**Exercise aim:** Below are some records. Return exactly the lines from the one with "择烟网为大家盘点了烟碱10m" to the one with "Couple family using", and nothing else.

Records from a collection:
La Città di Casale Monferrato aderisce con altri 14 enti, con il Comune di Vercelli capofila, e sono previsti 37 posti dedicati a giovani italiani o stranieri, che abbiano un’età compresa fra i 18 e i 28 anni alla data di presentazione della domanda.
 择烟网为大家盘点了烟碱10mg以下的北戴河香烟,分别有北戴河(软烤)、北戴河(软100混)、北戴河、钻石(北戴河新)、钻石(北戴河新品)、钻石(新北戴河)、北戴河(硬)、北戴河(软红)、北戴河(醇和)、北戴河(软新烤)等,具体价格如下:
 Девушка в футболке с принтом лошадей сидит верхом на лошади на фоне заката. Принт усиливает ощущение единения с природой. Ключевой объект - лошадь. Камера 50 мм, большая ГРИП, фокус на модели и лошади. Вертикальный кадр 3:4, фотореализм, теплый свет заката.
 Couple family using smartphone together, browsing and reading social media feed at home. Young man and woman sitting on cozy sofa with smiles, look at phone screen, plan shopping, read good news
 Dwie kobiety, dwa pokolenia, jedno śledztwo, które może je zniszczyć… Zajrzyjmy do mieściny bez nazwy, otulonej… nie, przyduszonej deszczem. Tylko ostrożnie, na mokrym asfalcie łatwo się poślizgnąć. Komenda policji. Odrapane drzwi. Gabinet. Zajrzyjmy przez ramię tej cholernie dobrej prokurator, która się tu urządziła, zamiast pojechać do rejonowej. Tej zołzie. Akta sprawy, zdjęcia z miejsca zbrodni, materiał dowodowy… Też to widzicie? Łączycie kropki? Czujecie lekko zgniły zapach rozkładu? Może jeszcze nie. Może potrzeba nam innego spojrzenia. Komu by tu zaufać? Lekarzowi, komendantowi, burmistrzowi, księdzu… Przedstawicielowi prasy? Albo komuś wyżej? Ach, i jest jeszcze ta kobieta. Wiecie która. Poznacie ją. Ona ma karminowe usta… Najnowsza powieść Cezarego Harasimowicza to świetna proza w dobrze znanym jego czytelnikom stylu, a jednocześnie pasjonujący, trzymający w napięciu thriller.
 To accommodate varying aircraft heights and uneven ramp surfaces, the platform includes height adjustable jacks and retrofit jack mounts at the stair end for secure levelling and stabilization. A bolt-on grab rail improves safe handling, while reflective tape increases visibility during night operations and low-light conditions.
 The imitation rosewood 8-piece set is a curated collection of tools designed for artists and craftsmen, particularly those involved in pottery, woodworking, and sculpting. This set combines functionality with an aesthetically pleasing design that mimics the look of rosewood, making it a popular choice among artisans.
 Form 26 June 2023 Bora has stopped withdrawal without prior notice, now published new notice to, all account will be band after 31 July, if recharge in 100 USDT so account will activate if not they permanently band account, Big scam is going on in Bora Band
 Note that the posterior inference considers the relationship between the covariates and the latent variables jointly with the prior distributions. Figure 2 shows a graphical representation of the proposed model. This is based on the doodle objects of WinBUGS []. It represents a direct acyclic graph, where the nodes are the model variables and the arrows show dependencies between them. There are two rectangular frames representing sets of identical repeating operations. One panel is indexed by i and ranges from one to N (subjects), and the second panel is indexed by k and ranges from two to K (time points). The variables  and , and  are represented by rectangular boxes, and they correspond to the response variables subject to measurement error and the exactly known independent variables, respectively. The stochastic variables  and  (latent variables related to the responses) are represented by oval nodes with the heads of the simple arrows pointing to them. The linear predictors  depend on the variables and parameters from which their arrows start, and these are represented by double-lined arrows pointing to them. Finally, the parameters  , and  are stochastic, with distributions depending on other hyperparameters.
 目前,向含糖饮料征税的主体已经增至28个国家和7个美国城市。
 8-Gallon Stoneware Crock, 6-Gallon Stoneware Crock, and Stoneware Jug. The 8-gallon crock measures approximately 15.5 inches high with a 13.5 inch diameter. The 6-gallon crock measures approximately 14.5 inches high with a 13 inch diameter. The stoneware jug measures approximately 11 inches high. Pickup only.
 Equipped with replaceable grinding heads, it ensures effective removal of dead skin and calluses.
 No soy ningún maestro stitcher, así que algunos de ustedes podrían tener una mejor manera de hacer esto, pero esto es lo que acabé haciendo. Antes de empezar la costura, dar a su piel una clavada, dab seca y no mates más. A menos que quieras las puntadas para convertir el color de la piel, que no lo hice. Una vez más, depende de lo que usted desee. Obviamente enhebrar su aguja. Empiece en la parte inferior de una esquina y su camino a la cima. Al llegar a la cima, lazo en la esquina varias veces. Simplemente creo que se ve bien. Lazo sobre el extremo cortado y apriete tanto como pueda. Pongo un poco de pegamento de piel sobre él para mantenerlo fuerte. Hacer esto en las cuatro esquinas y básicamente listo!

**Response:**
 择烟网为大家盘点了烟碱10mg以下的北戴河香烟,分别有北戴河(软烤)、北戴河(软100混)、北戴河、钻石(北戴河新)、钻石(北戴河新品)、钻石(新北戴河)、北戴河(硬)、北戴河(软红)、北戴河(醇和)、北戴河(软新烤)等,具体价格如下:
 Девушка в футболке с принтом лошадей сидит верхом на лошади на фоне заката. Принт усиливает ощущение единения с природой. Ключевой объект - лошадь. Камера 50 мм, большая ГРИП, фокус на модели и лошади. Вертикальный кадр 3:4, фотореализм, теплый свет заката.
 Couple family using smartphone together, browsing and reading social media feed at home. Young man and woman sitting on cozy sofa with smiles, look at phone screen, plan shopping, read good news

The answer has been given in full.